Outlook & Trading View
In the near term, guar gum and guar churi are expected to remain under mild pressure as long as export and feed demand stay subdued. The market is likely to maintain a range-bound to slightly softer bias into early July, with quick reactions to any notable changes in monsoon performance or drilling-related gum demand.
Over the medium term (next 1–3 months), price direction will hinge on two interacting factors: the progress and distribution of monsoon rainfall in Rajasthan and other key guar regions, and the pace of recovery in industrial demand, especially from oilfield services. Strong, well-distributed rains combined with lingering weak demand would argue for continued downside risk; by contrast, any weather scare coinciding with an upturn in export enquiries could quickly tighten the balance sheet.
- Buyers (users of guar gum / churi): Maintain a patient, staggered procurement strategy, using current soft prices to secure nearby needs but avoiding heavy forward coverage until monsoon risks become clearer. Consider modest additional coverage only if early July rains disappoint.

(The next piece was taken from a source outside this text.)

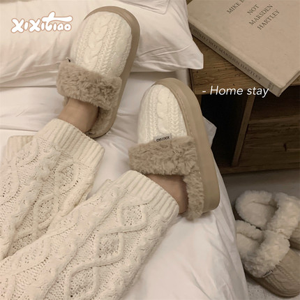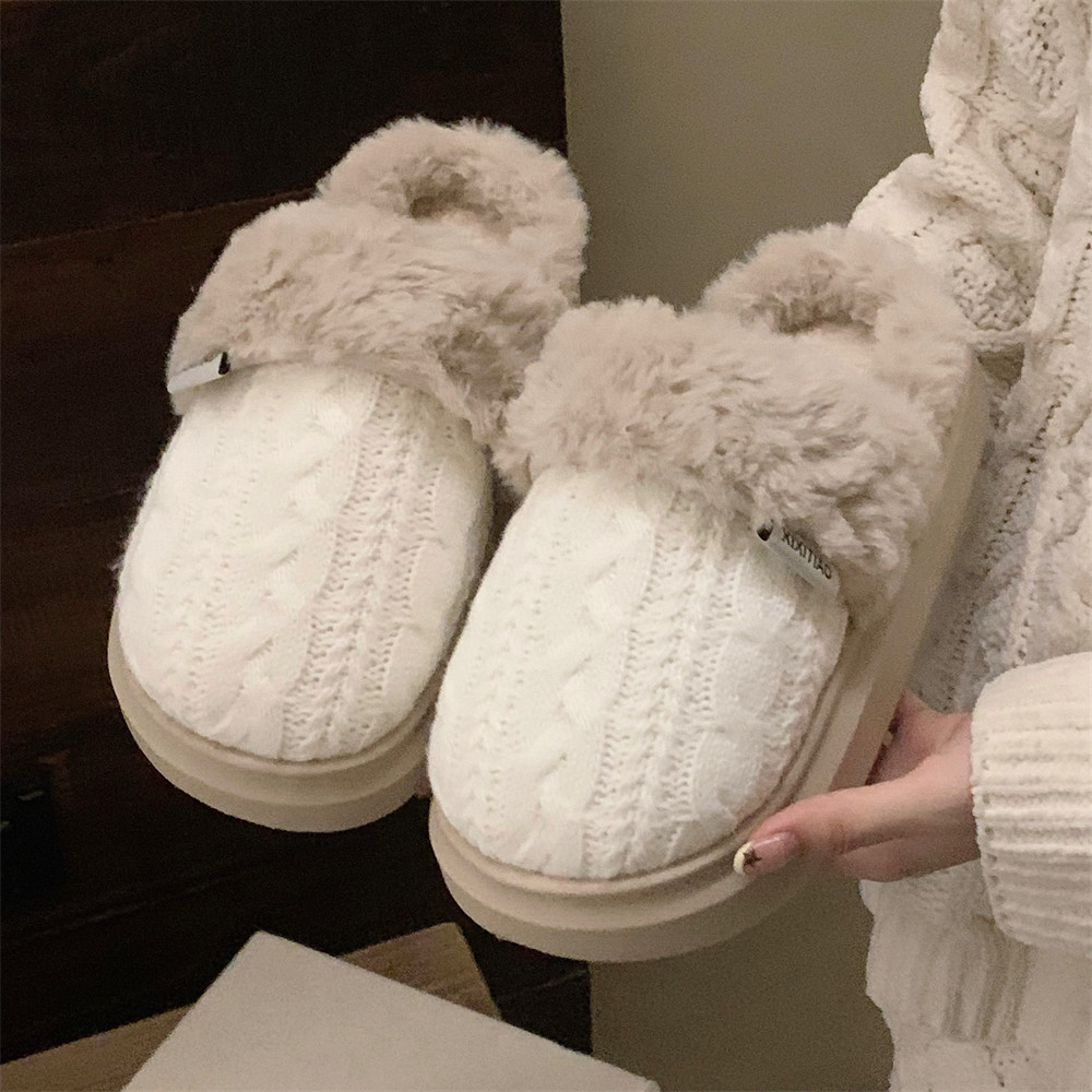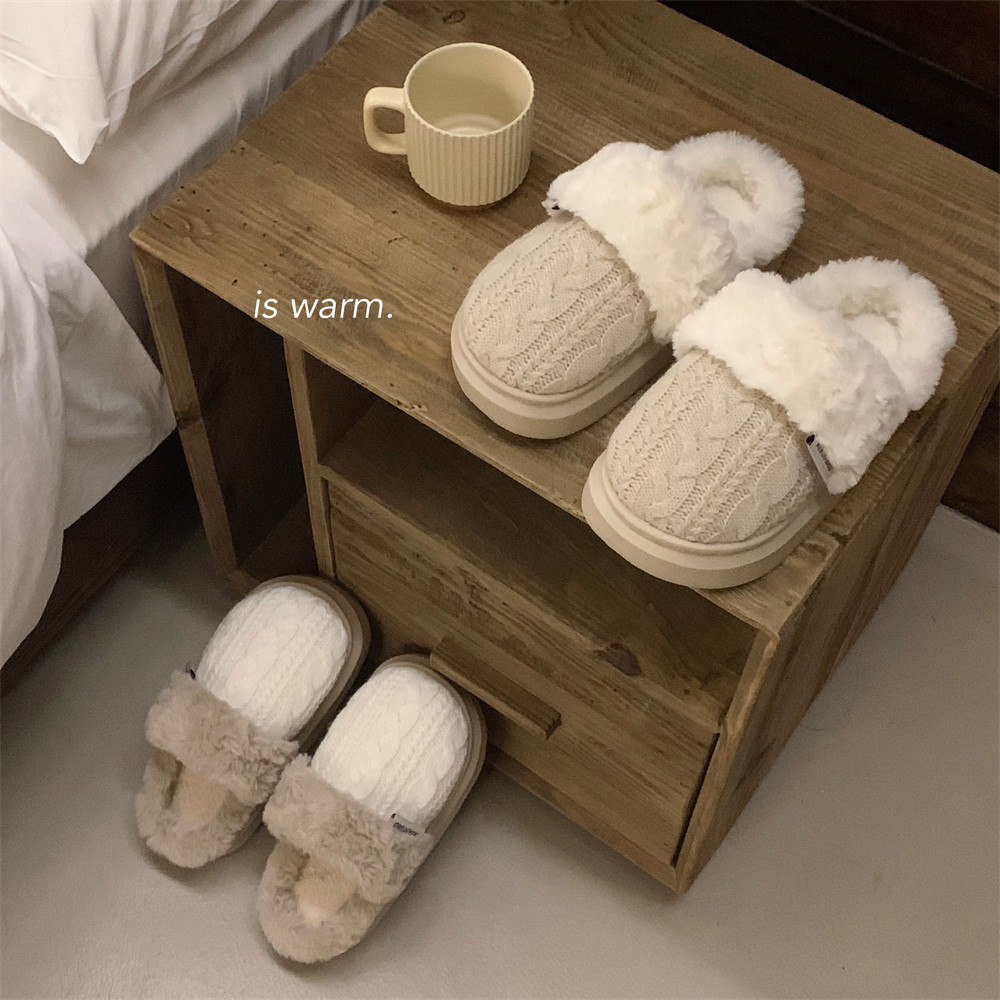 细细条 室内防滑保暖厚底女士居家月子鞋复古针织毛线麻花棉拖鞋

- Processors: Continue buying seed strictly against confirmed orders and protect margins via cautious forward sales rather than speculative stock-building. Monitor NCDEX futures as a hedge tool if volatility increases with monsoon headlines.
- Producers / Stockists: Use any short-covering rallies to scale out of surplus seed, but avoid panic selling at current levels given the latent weather risk later in the season. Retain some inventory flexibility in case of emerging rainfall concerns.

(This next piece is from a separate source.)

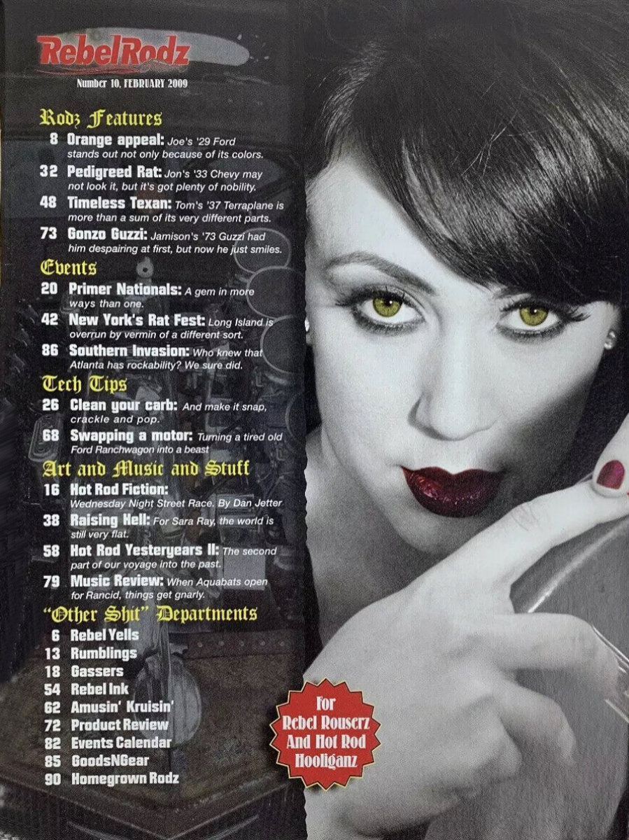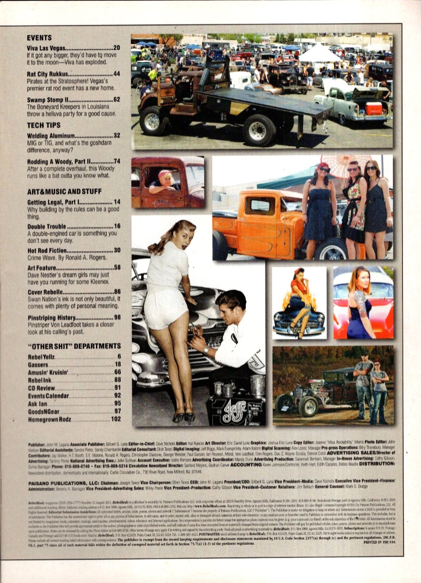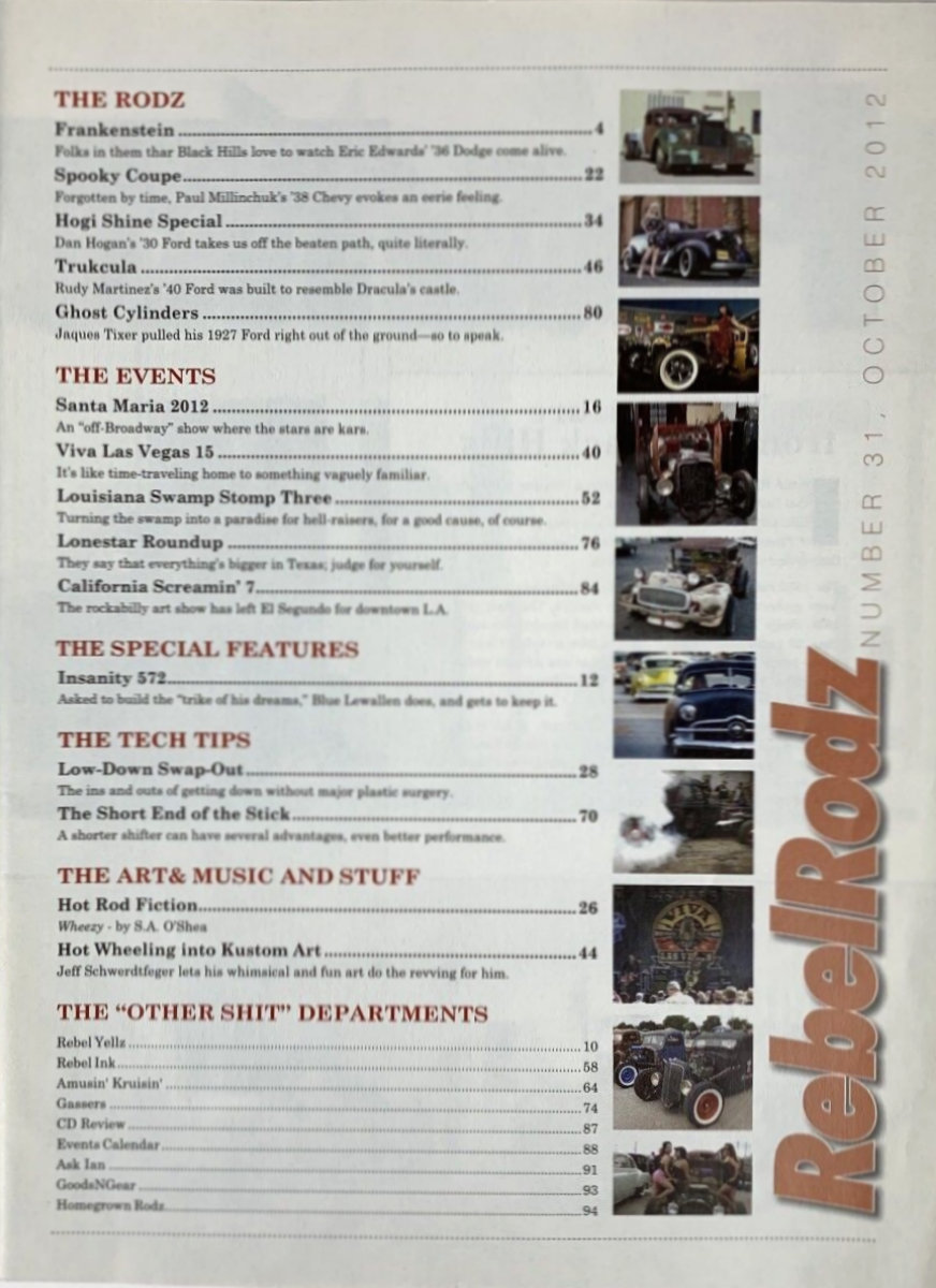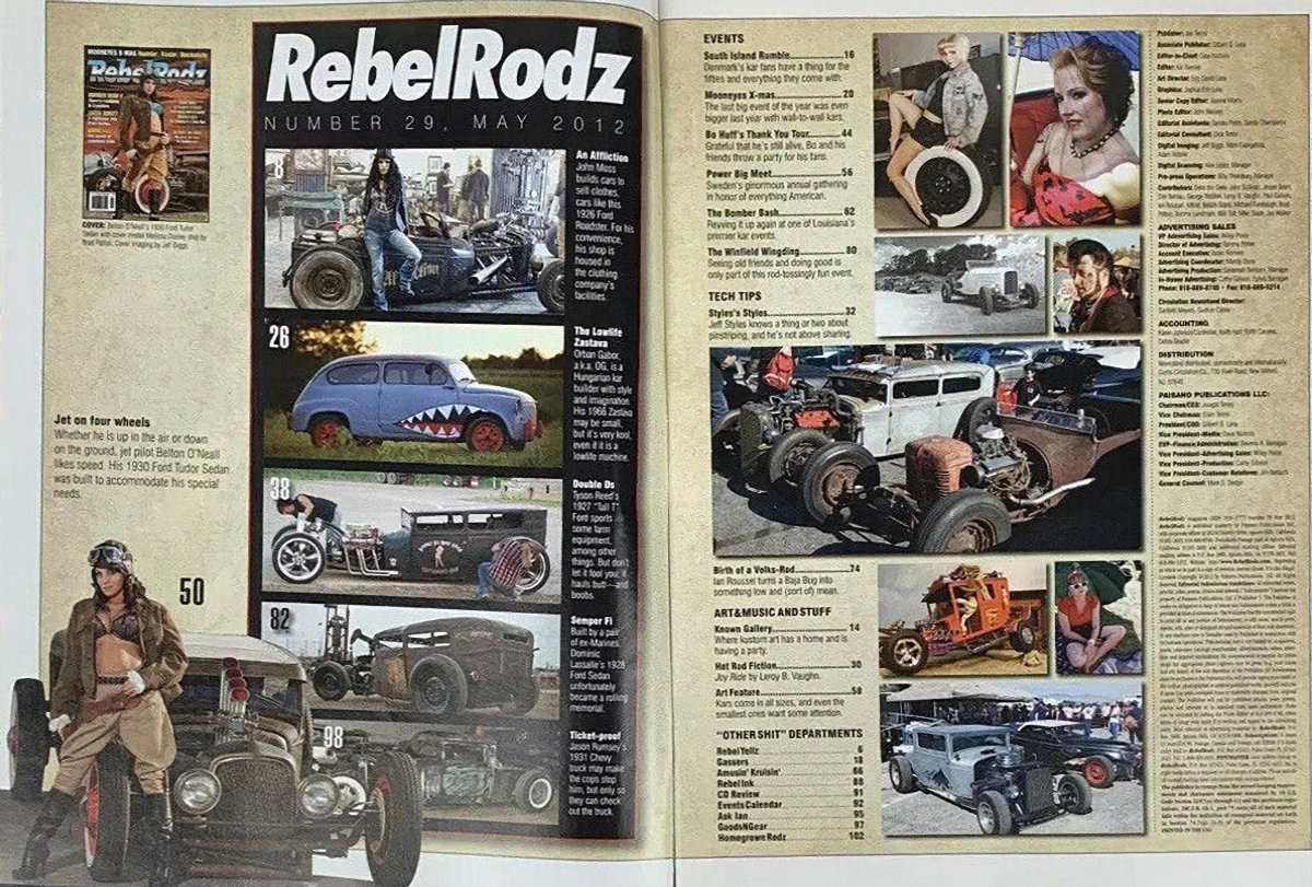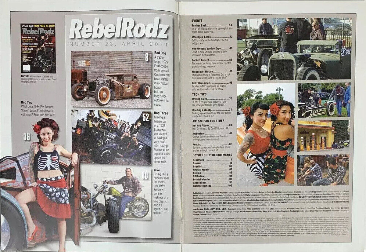 Rebel Rodz had a regular print cadence through 2012 as a bi-monthly title, then became more of a quarterly magazine in 2013 and 2014. The last year appears to have been 2015 when the print cadence slowed, the publisher issued two "book-a-zines" with 100 plus pages of rods and "betties", and the publisher offered a "double-pack" where Rebel Rodz was provided with a subscription of Tattoo magazine. Clearly the end of print publication was near.

3-day Directional View (spot & futures, in EUR terms)
- India guar seed (NCDEX / mandis): Slightly bearish to sideways over the next 3 days, with prices expected to oscillate within a narrow band around current EUR 0.58–0.67/kg equivalents, barring any abrupt monsoon surprise.
- Export guar gum FOB India/Vietnam: Largely stable around EUR 4.10–4.15/kg, with a soft bias but limited downside in the very short term due to already compressed processing margins.